• **Exercise details**:
Leaving out every picture, copy the lines of the material below exactly, from the line containing "Resin Bear Figurine" through the line containing "대우건설은 지난 2020년".

• **Material for this exercise**:
=======

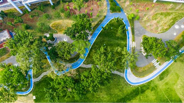 此外,改造提升中,通過重新梳理場地空間和交通流線,取消了原有中軸建筑,更新為2萬平方米的“市民大草坪”,提升園內視線通透性、交通通達性和空間功能的復合性,并以江景、山景、城景為背景打造“城市之門”,形成大尺度觀演空間,為公園內不定期舉行大型表演活動提供了可能。同時,在江邊、林下穿梭的寬1.5米長800米的藍色健身環(huán)道,將為市民提供散步、慢跑場所。
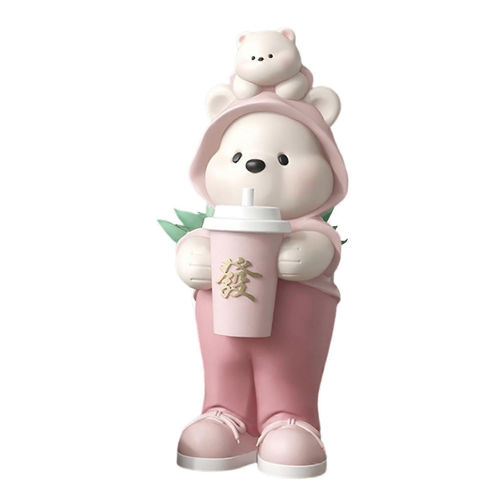 Resin Bear Figurine Freestanding Stylish Cute Animal for Desktop Kids Office Pink
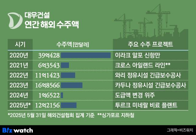 대우건설은 지난 2020년 이라크 알포 신항만 사업을 수주하며 39억428만달러를 쓸어담았다. 이후 부진이 깊었다. 2021년에는 코로나19 등 영향으로 6억3542만달러를 기록하며 11위에 그쳤다. 2022년과 2023년에는 각각 11억1422만달러, 16억8565만달러로 9·6위에 올랐다.
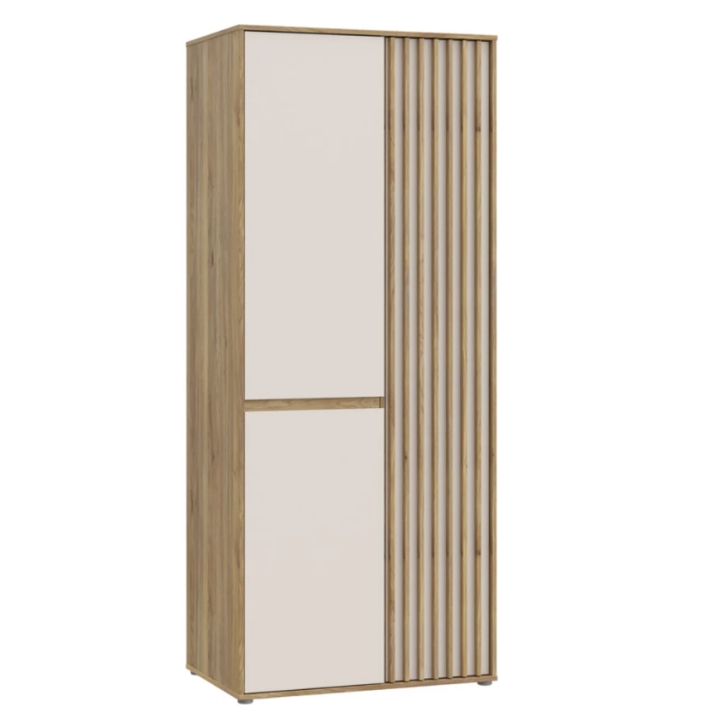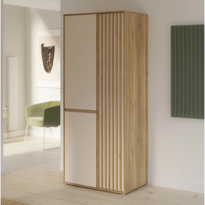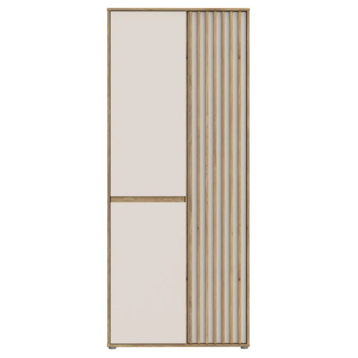 The modern design of the Eliston wardrobe is emphasised by the contrast of the warm mauvella oak shade with the light sand décor. The laths on the front introduce a decorative rhythm and give the piece a distinctive character. The push to open system eliminates the need for handles, which further enhances the minimalist style of the furniture and ensures comfortable use.
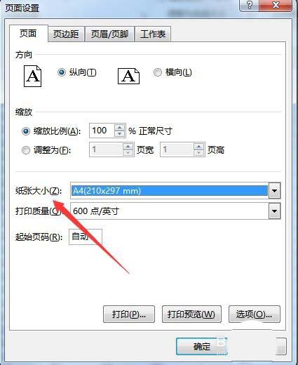 3、在打开的页面设置窗口中,我们点击纸张大小太下拉按钮
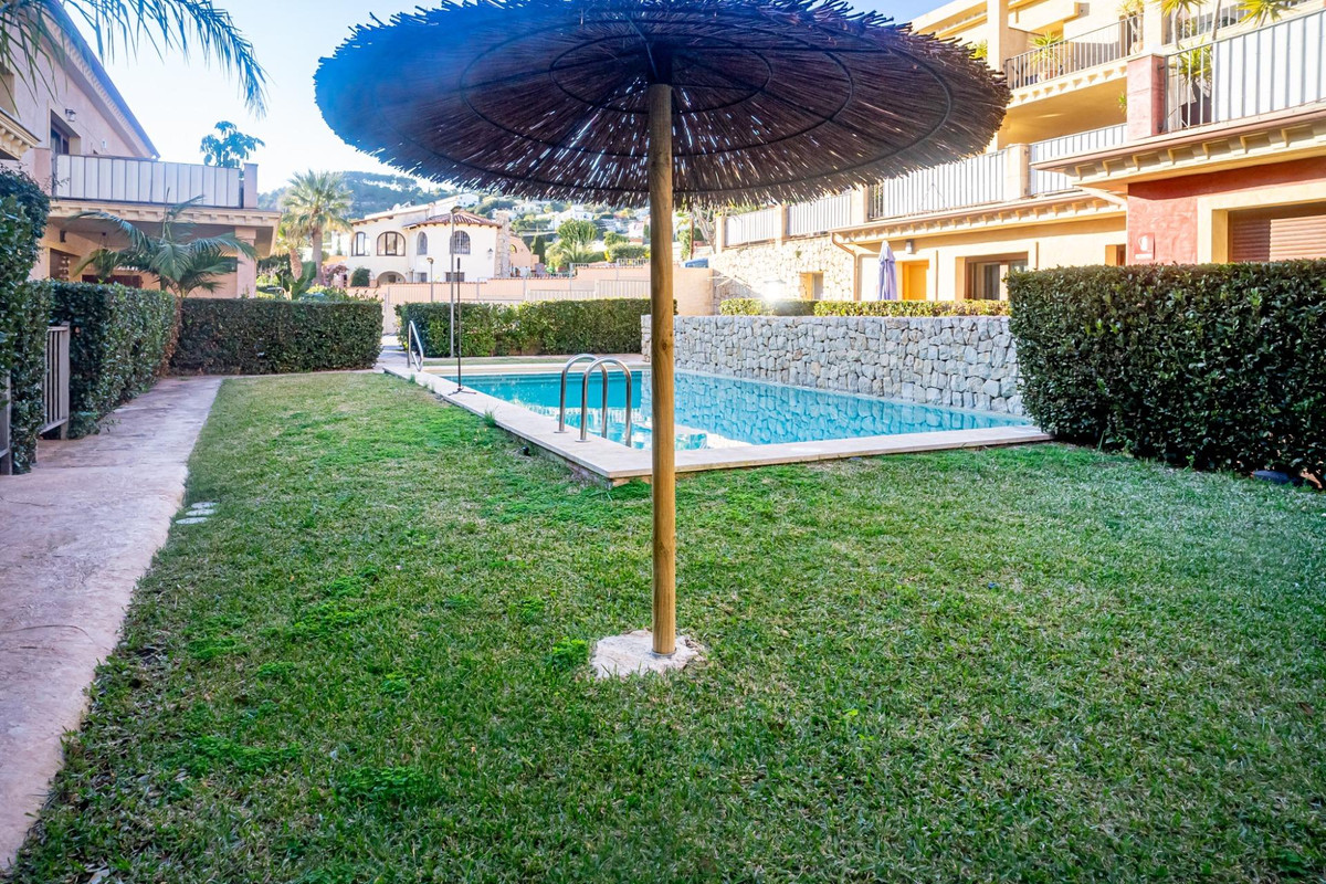 This cozy apartment is located in the popular urbanization of Montemar in Benissa. It features an open-plan kitchen, a living-dining room, two spacious bedrooms, and two bathrooms, one of them en suite. From the living room, you can access a large balcony with views of the pool and the mountains.
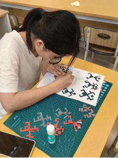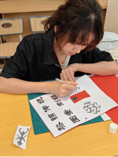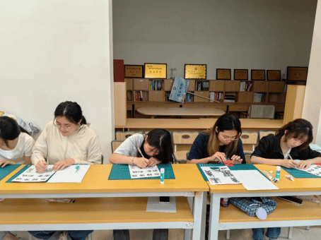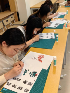 本次课程特别设置了10个沉浸式体验座位,每个座位均配备专业刻纸刀具与特制红纸。参与课程的同学们热情高涨,她们认真聆听讲解,仔细观察每一个刻纸步骤。从最初对刻纸工具的陌生,到逐渐掌握刻纸的技巧,同学们在实践中不断探索、进步。现场刀光纸影间,原本平面的红纸渐渐焕发生机,一幅幅栩栩如生的刻纸作品在同学们的巧手下跃然呈现。大家相互交流心得,分享创作过程中的喜悦与困惑,现场氛围既热烈又温馨。

=======

• **Answer to this problem**:
 Resin Bear Figurine Freestanding Stylish Cute Animal for Desktop Kids Office Pink
 대우건설은 지난 2020년 이라크 알포 신항만 사업을 수주하며 39억428만달러를 쓸어담았다. 이후 부진이 깊었다. 2021년에는 코로나19 등 영향으로 6억3542만달러를 기록하며 11위에 그쳤다. 2022년과 2023년에는 각각 11억1422만달러, 16억8565만달러로 9·6위에 올랐다.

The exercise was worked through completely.